Let's say we have a website where users post "submissions" and then can vote whether they like or dislike each other's submissions by submitting "submission_votes".

 

I'd like to create a list of recommended posts by following the below logic:

1. find all the submissions that I like

2. find all the users who like at least 1 submission that I like

3. find all the submissions that are liked by users who like at least 1 submission that I like

4. order the returned submissions by the number users who like them (by "users" I mean "users who like at least 1 submission that I like")

 

The tricky bit(?) is that users can vote on a submission more than once (maybe they disliked it at first, but now like it) and therefore only the latest vote should be used (for each combination of submission_vote_account_number and submission_vote_submission_number).

 

 

Please find the table structures below:

 

submissions:

submission_number (unique index, autoincrementing)

submission_content

submission_account_number  (foreign key --> field "account_number" in table "accounts")

submission_timestamp

 

submission_votes:

submission_vote_index (unique index, autoincrementing)

submission_vote_account_number (foreign key --> field "account_number" in table "accounts")

submission_vote_submission_number  (foreign key --> field "submission_number" in table "submissions")

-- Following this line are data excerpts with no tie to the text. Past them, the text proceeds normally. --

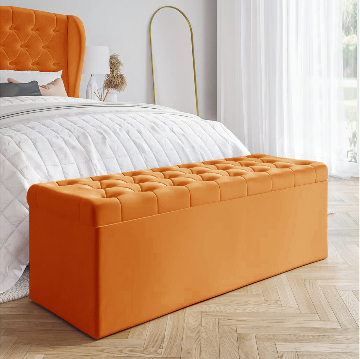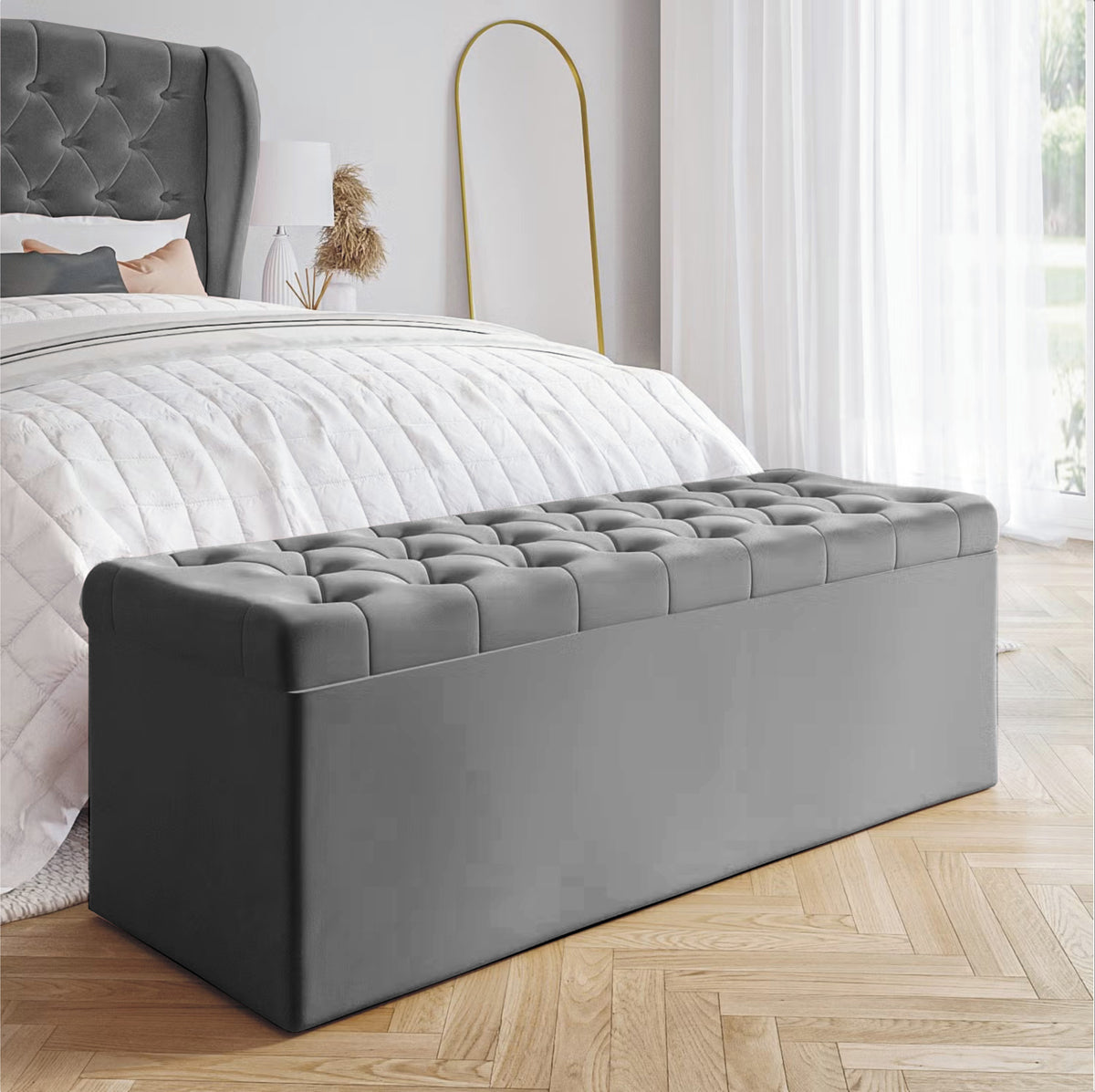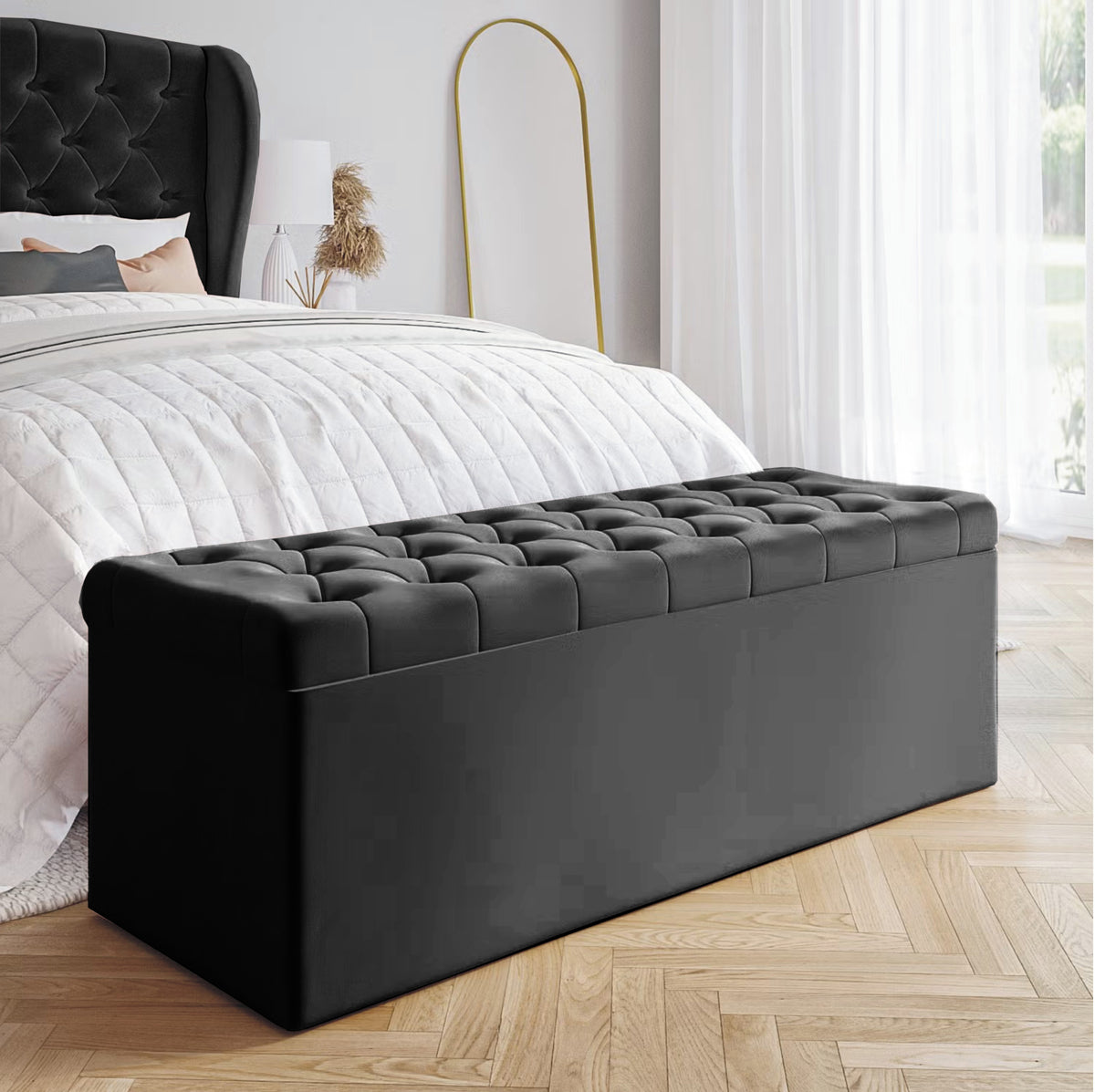 Comfortable Tufted Lid: The tufted lid is padded with extra thick foam, offering a comfortable seating area for relaxation or entertaining guests, making it ideal for use as a bench or additional seating option.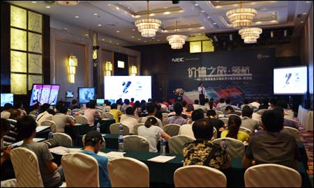 [投影之窗報(bào)道] 2012年6月19日,NEC打造的“價(jià)值之旅∙領(lǐng)航”高端工程液晶顯示器應(yīng)用方案交流會在武漢隆重舉行。NEC(中國)顯示產(chǎn)品解決方案事業(yè)部領(lǐng)導(dǎo)并與經(jīng)銷商、集成商、業(yè)內(nèi)人士共同分享并體驗(yàn)了NEC目前最為高端的液晶顯示器產(chǎn)品以及多樣化的顯示解決方案,使得在場觀眾充分領(lǐng)略到了科技智能、品質(zhì)卓越的NEC為全行業(yè)提供最優(yōu)質(zhì)顯示解決方案的能力。4點(diǎn)觸控、Hipewall、一體化OPS等先進(jìn)技術(shù)均在本次交流會中得到了良好的展現(xiàn)。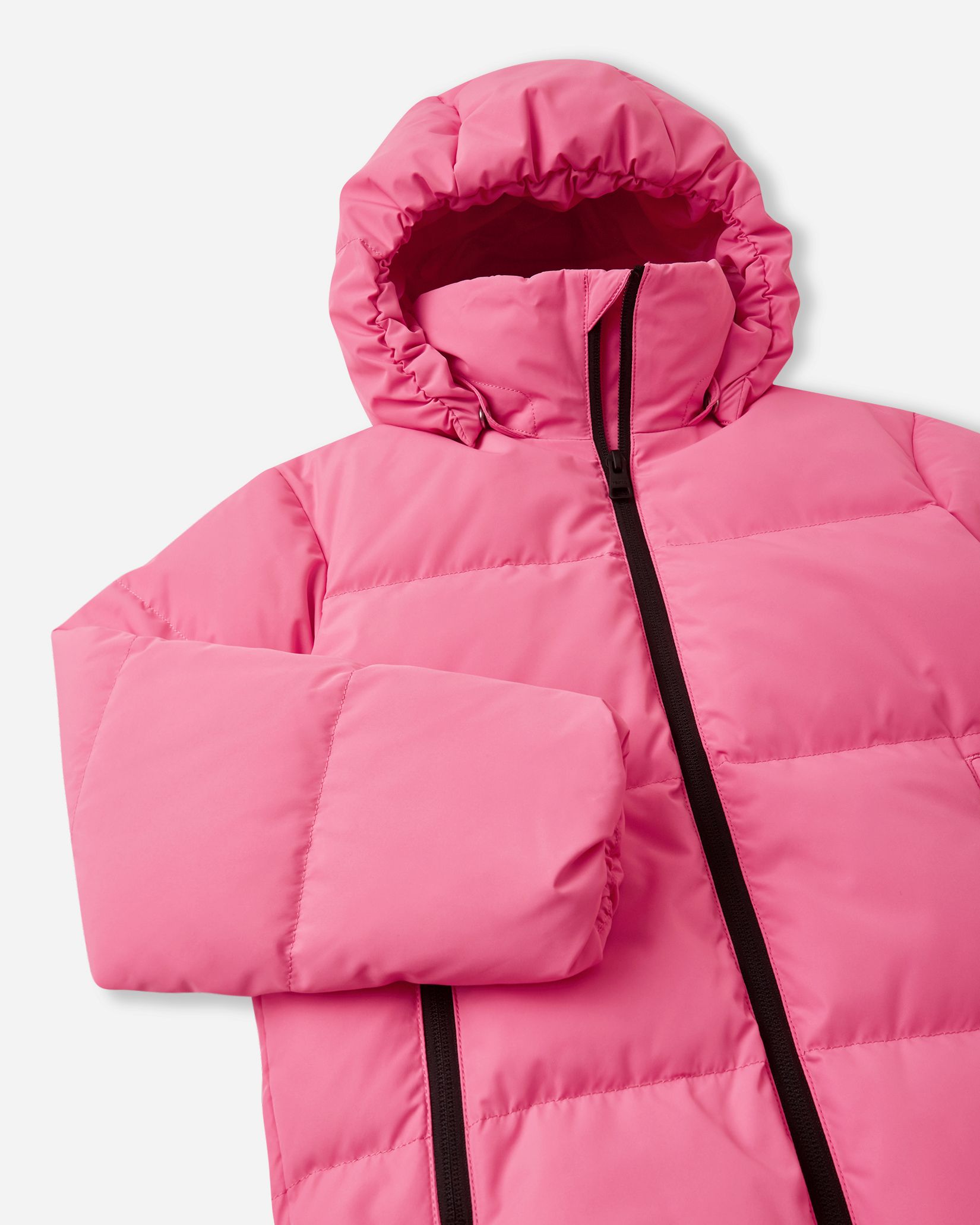 Куртка имеет утеплитель пух/перо (60%/40%), Fill Power 550, сертифицированный Control Union CU872203 в соответствии со стандартом Responsible Down Standard. Покрыта водо- и грязеотталкивающей пропиткой без содержания фторуглерода BIONIC-FINISH®ECO. Подкладка из гладкого полиэстера для легкого надевания. Пуховик имеет безопасный съемный капюшон, два кармана на молнии и резинку на подоле и манжетах. Прямой крой и стильный лаконичный дизайн делают эту модель универсальной, что прекрасно дополнит зимний гардероб ребенка.

submission_vote_content (1 or 0 - 1 being like, 0 being dislike)

submission_vote_timestamp

 

accounts:

account_number (unique index, autoincrementing)

account_username

 

 

Thanks,

 

Stu

Link to comment
Share on other sites

Assuming my account number is 1:

 

Step1: " SELECT submission_vote_submission_number WHERE submission_vote_account_number = '1' "

 

but this is finding all votes where I "liked" a submission, how do I change this so that it only looks at my last vote for each submission?

Link to comment
Share on other sites

Assuming my account number is 1:

 

Step1: " SELECT submission_vote_submission_number WHERE submission_vote_account_number = '1' "

 

but this is finding all votes where I "liked" a submission, how do I change this so that it only looks at my last vote for each submission?

 

Just add one more statement to compare current unixtimestamp to last date record.

Link to comment
Share on other sites

thanks but I need to find my last vote for each submission that I've voted on...

 

I think the code below will group by submission_vote_submission_number and then order by timestamp, but how do I ignore all but the most recent record for each value of submission_vote_submission_number?

 

Step1: "SELECT submission_vote_submission_number WHERE submission_vote_account_number = '1'  GROUP BY submission_vote_submission_number, submission_vote_timestamp DESC"

 

Thanks,

 

Stu

Link to comment
Share on other sites

Try,

 

SELECT submission_vote_submission_number FROM `submission_votes` WHERE submission_vote_account_number = '1'  GROUP BY `submission_vote_submission_number` HAVING `submission_vote_timestamp`= MAX(`submission_vote_timestamp`);

 

Why are you using only one table? Use both, join them and make the query much more flexible.

 

Link to comment
Share on other sites

thanks I'll try that code

 

Why are you using only one table? Use both, join them and make the query much more flexible.

 

step 1 is to just find which submissions I currently "like". so in steps 2-4 I'll probably be joining tables (and asking you for help  :D)

 

Thanks,

 

Stu

Link to comment
Share on other sites

Thank you - I have step 1 (find all the submissions that I like) working. I just needed to add submission_vote_timestamp into the first line and " AND (submission_vote_content = '1')" into the 2nd line:

 

SELECT submission_vote_submission_number, submission_vote_timestamp FROM `submission_votes`

WHERE ((submission_vote_account_number = '$_SESSION_account_number') AND (submission_vote_content = '1')) 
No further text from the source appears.